然後他走到床前,開啟透視眼,仔細地檢查了陶叔的整個腦部,除了皮外傷之外,受傷部位有少許的血跡。
一凡交代陶晶在這裡陪著爸,自己馬上回去熬製中藥藥丸。
陶晶說:"哥,你放心去吧,路上注意安全。"
一凡出了醫院後,寫了一個處方,去中藥店揀到中藥,叫藥店的人將全部中藥打成粉,然後帶著藥粉回到了公司。
丁愛玲正在辦公室辦公,看到一凡急匆匆的樣子,問他的朋友傷得重不重。
一凡說,沒大礙,現在熬製一瓶藥丸等下送過去就沒事了。
一凡將藥粉倒入砂鍋中,再倒入合適的水,開啟燃氣灶,讓藥用大火煮起來,待十五分鐘之後,再將火減小,慢慢地熬,再過了十五分鐘之後,再把火調到最低限度,五分鐘之後,倒起藥液,讓它涼卻,等涼了差不多時,將藥液全部倒入蜂蜜之中,不斷攪拌,等藥液凝固之後,馬上動手製起了藥丸。
搓製藥丸是最費時間的,麥小寧在上班,不然叫她一起就快得多。
搓好藥丸就到了下午五點多,一凡將藥丸裝進玻璃瓶後,又馬不停蹄地趕往莞城醫院。
趕到醫院,乾媽陶嬸也來了,她看到一凡急匆匆的樣子,叫一凡悠著點,現在陶叔沒事了,慢慢來都行。
一凡叫陶晶母女倆先去吃飯,吃過飯後來代自己。
陶嬸說,不如陶晶和一凡先去吃飯,回來的時候帶些回來就行。
兩人聽從媽的安排,一凡帶著陶晶去了醫院外面吃飯。
一凡特意重新炒了兩個菜,用飯盒裝好,然後再裝了兩份飯,帶到病房後稍微熱一下就可以吃。

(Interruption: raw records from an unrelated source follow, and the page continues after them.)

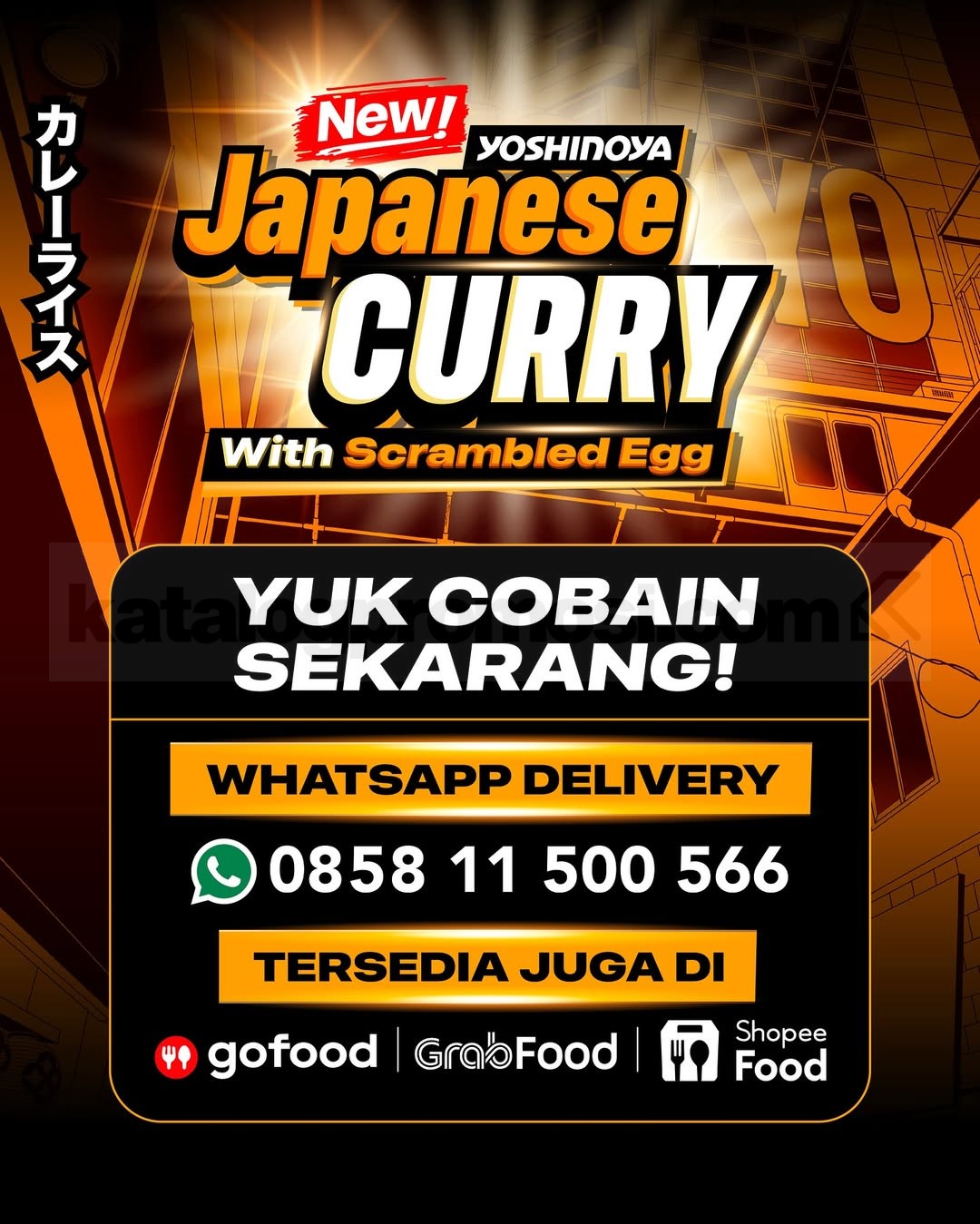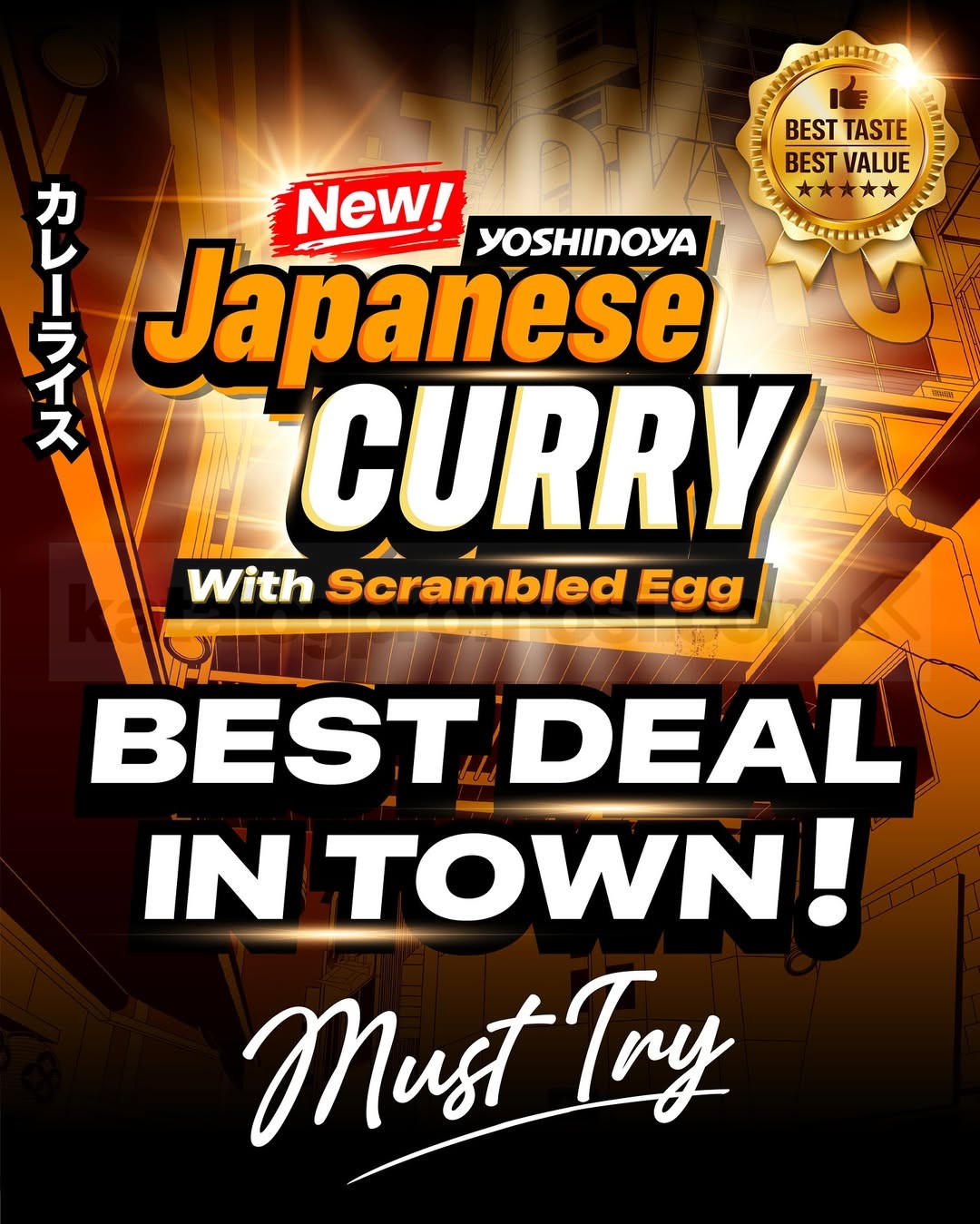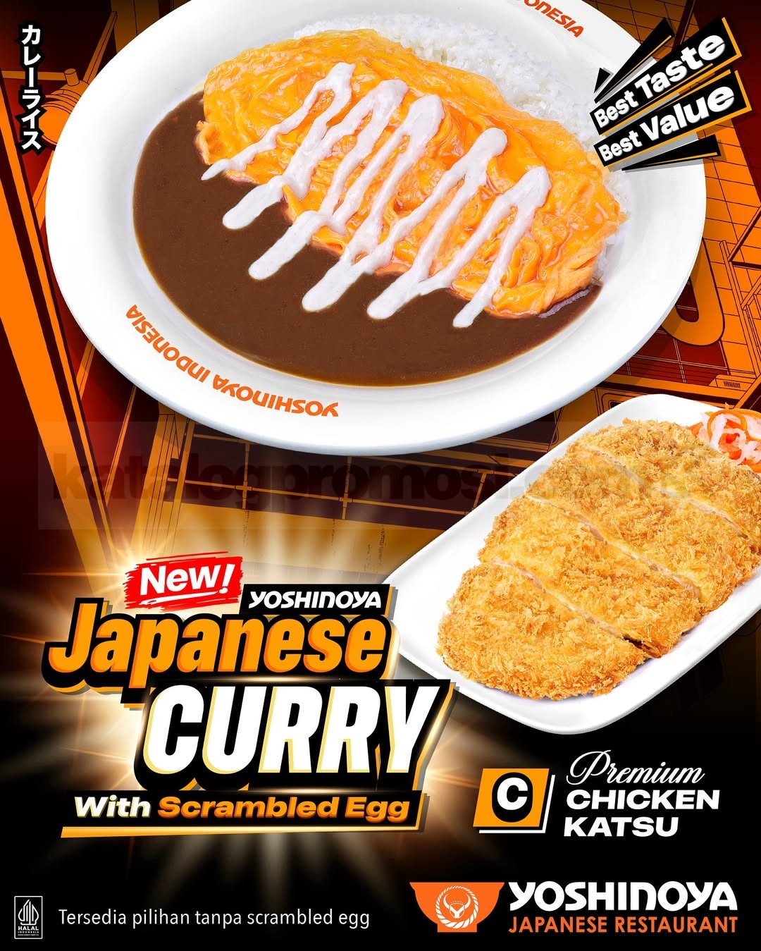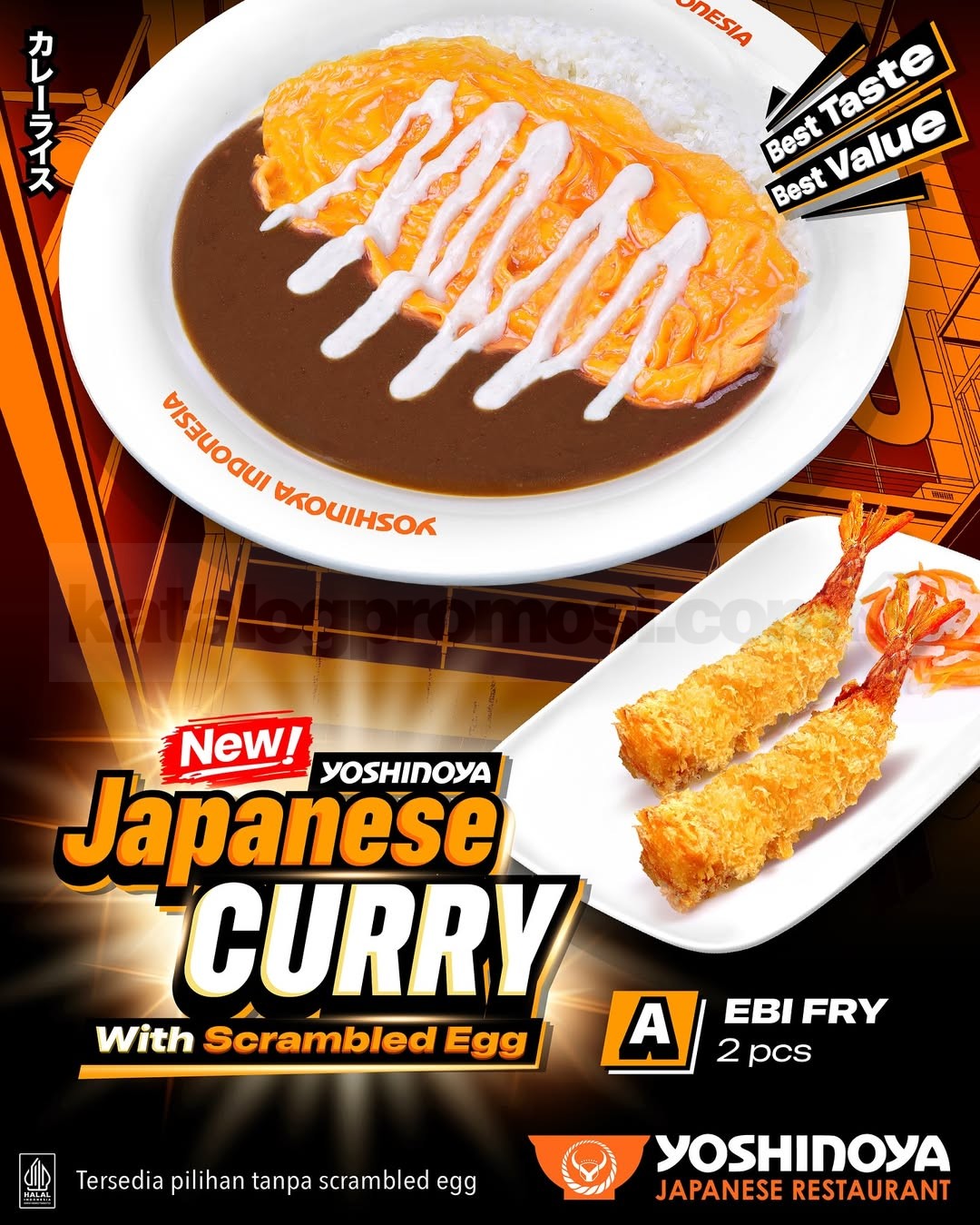 Menu Yoshinoya Japanese Curry Scrambled Egg ini tersedia di seluruh store Yoshinoya Indonesia. Bisa dine in, takeaway, delivery, atau order via GoFood, GrabFood, dan ShopeeFood. Best Taste, Best Value pokoknya 💯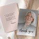 The front of this 70th birthday invitation features the guest of honour's photo with the words "thank you" in elegant black calligraphy script overlay. A white screen helps make the text pop. Customise the reverse side with your personal message in black sans serif font and your name in script on a blush pink background.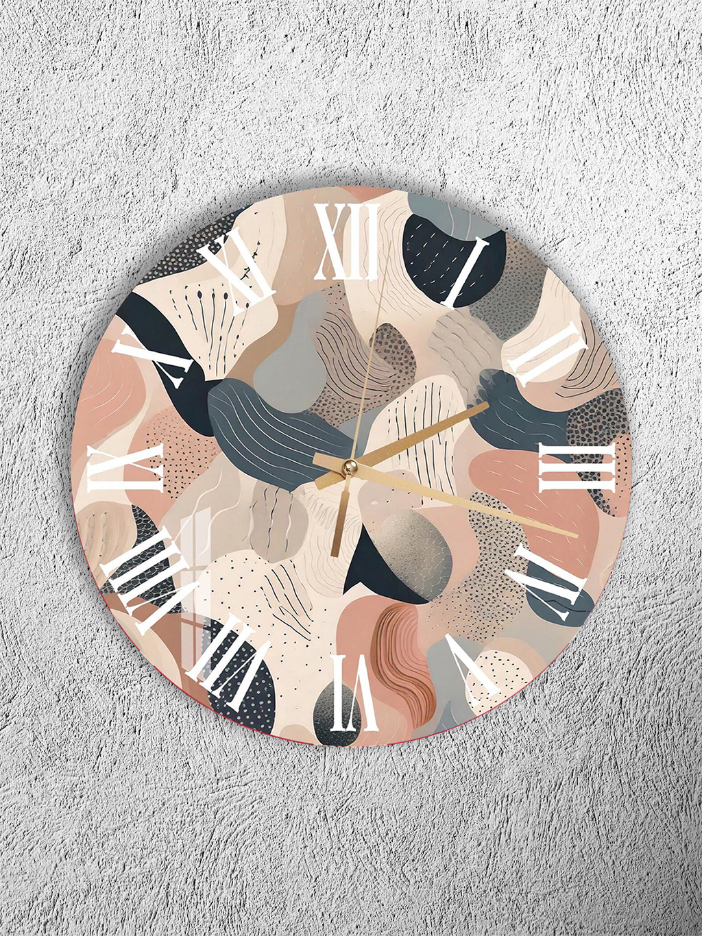 KIRILMAZ CAM DUVAR SAATİ, HEM TABLO HEM SAAT BEJ PUDRA SOYUT ORGANİK DESEN EV OFİS HEDİYESİ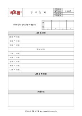 ÇÏ·ç ÀϰúÁß ÀÛ¾÷Çß´ø ³»¿ëÀ» ÀÛ¼ºÇÒ¶§ »ç¿ëÇÕ´Ï´Ù. ±¸¼º¿ä¼Ò´Â ±ÝÀϽǽûçÇ×, ÁøÇà¹×¿¹Á¤»çÇ×, ƯÀÌ»çÇ×À¸·Î ±¸¼ºµÇ¾î ÀÖÀ¸¸ç ÀÛ¼ºÈÄ ÇØ´ç ºÎ¼­Àå¿¡°Ô Á¦ÃâÇÏ¿© ½ÂÀÎÀ» ¾ò¾î¾ß ÇÕ´Ï´Ù.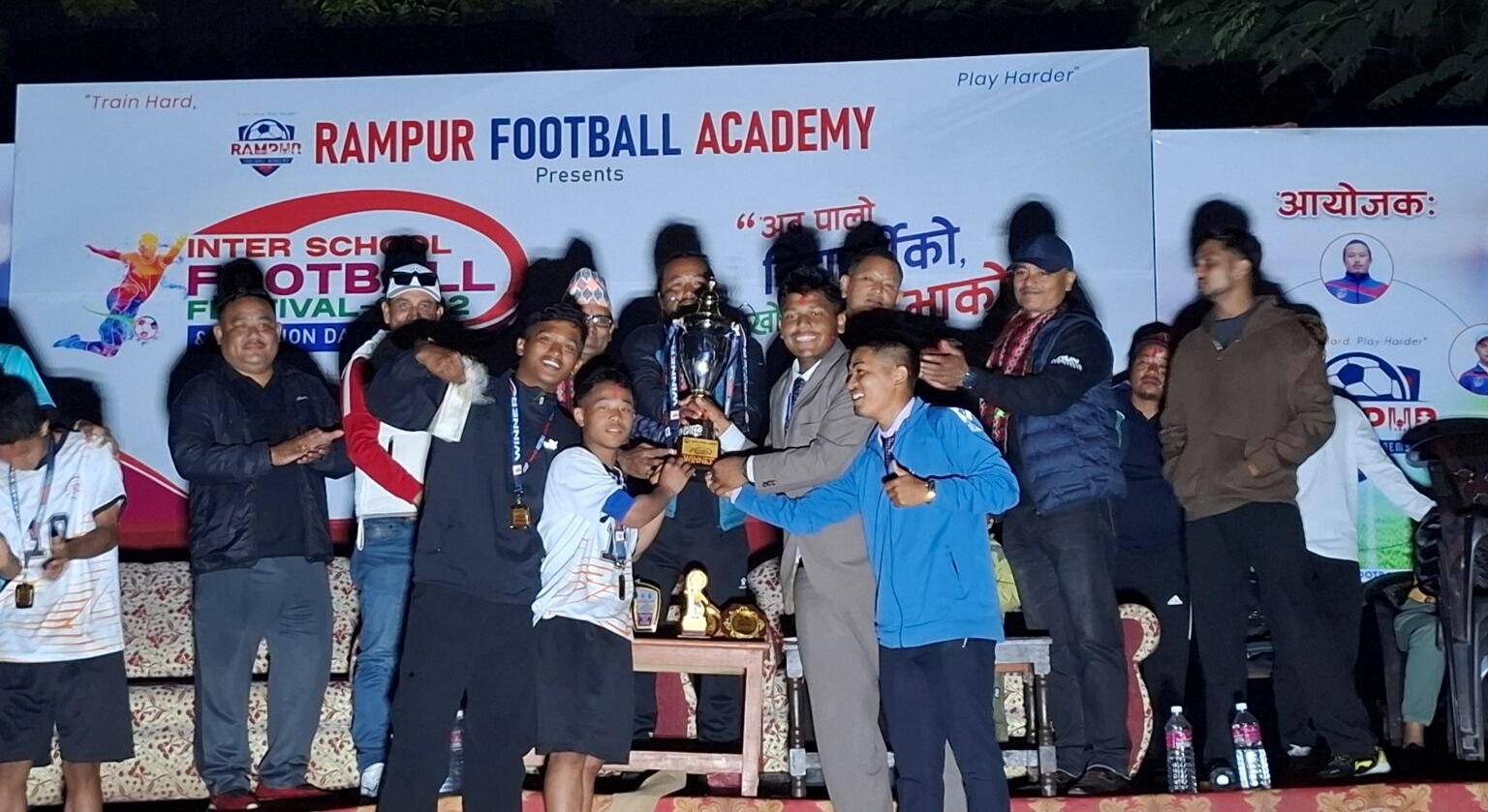 विजेता टिमलाई एक कार्यक्रमका विच पुरस्कार प्रदान गरिएको थियो । रामपुर फुटबल एकेडेमीका अध्यक्ष अनिल शाही ठकुरीको अध्यक्षतामा भएको कार्यक्रम रामपुर नगरपालिकाका प्रवक्ता एवं वडा नं. १ का वडा अध्यक्ष कपिल बहादुर खाँणको प्रमुख आतिथ्यतामा भएको थियो । विजेता टिमलाई पुरस्कार वितरण गर्दै प्रमुख अतिथी खाँणले प्रतियोगिताले विद्यार्थीको प्रतिभा पहिचान संगै उनीहरुलाई सिप सिक्ने अवसर प्रदान गरेको बताउनुभयो । प्रतियोगिताले नयाँ बाल प्रतिभाहरुमा देखिएको खुशीले थप उत्साह जगाएको बताउनुभयो । उहाँले खेलकुद क्षेत्रको उत्थानका लागि नगरपालिकाले थप कार्यक्रम सञ्चालन गर्ने बताउनुभयो ।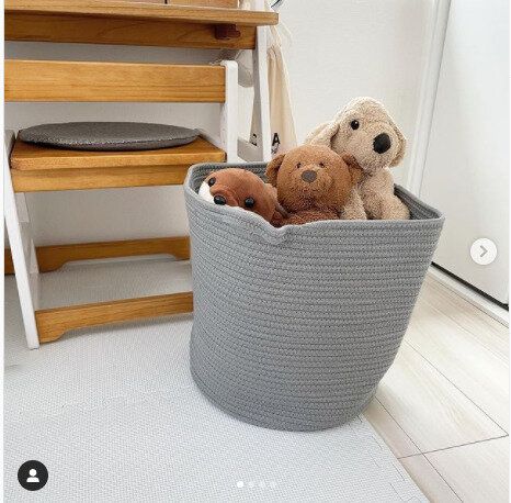 どんどん増えがちなぬいぐるみは大きめのバスケットにまとめて入れて収納するのもおすすめです。コットンロープなどのやわらか素材のバスケットを選べば手触りもよく、小さなお子さんでも簡単にお片づけができ、出しっぱなしにしても安心です。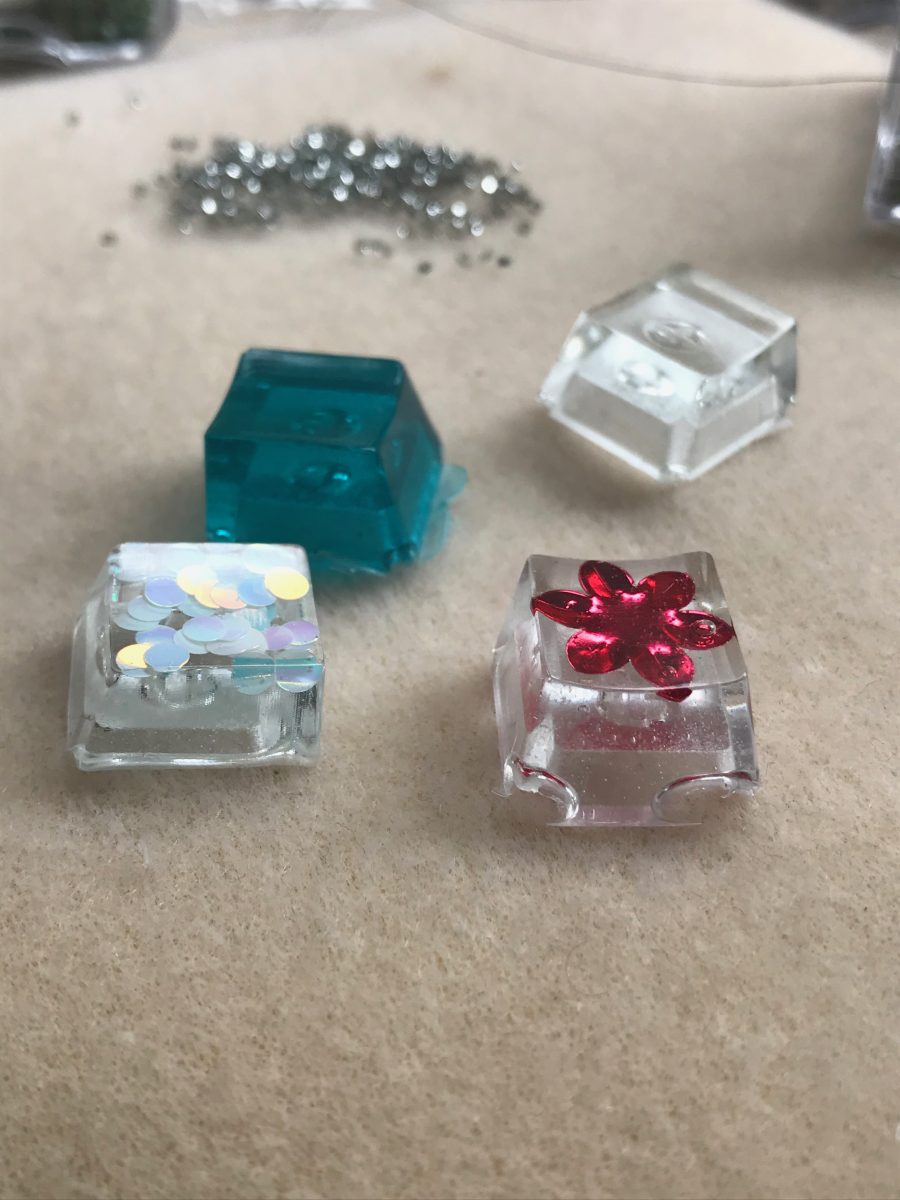 Even if I smoosh in the bottom piece to make the keycap Cherry MX switch compatible, I can’t get it to sit down far enough so that the keycap will fit on a switch. I’m left with resin that oozes out and a keycap that doesn’t work on the switch. I’ll give it a few more tries, but until then, marbling and other tiny embellishments for pre-made keycaps are my friends. Hey, what about a very tiny mosaic on top of a keycap? It’s worth a try.

陶嬸一邊吃飯,陶晶喂著她爸吃,一凡坐在旁邊看著一家溫馨的畫面,心裡稍感安慰。
吃完晚飯,藥水也打完了,陶嬸說先給陶身擦擦身子,陶叔傷的是頭部,活動還是相當靈活的,一凡和陶晶覺得自己沒必要留在病房,兩人出到外面去透氣。
兩人八點才回到病房,看到陶叔靠在病床在和陶嬸聊天,走進去也跟著聊了起來,待陶叔飯後休息得差不多,一凡倒了一杯開水,拿出自制的藥丸,扶起陶叔靠在自己身上,將藥丸吃下去。
一凡叫陶叔躺到床上,然後對著他的頭部唸了一段平安護身咒,接著唸了一遍治病咒,然後將他頭上裹著的紗布全部撕開,在他腦部有少許血跡的地方發功,抻指為劍,用真氣將血跡清除,手掌裡的金光持續了有三分多鐘,開啟透視眼看了一遍,確定沒有了血跡之後,然後畫了一道金光治病符,將傷口慢慢的癒合,一凡做完這一切之後,仔細地查看了一番傷口,見到傷口平整,只有少許的紅線,一凡再次畫了一道治病符,將金光沿著傷口的縫針位置一直射入進去,再檢查時,完全看不見傷口。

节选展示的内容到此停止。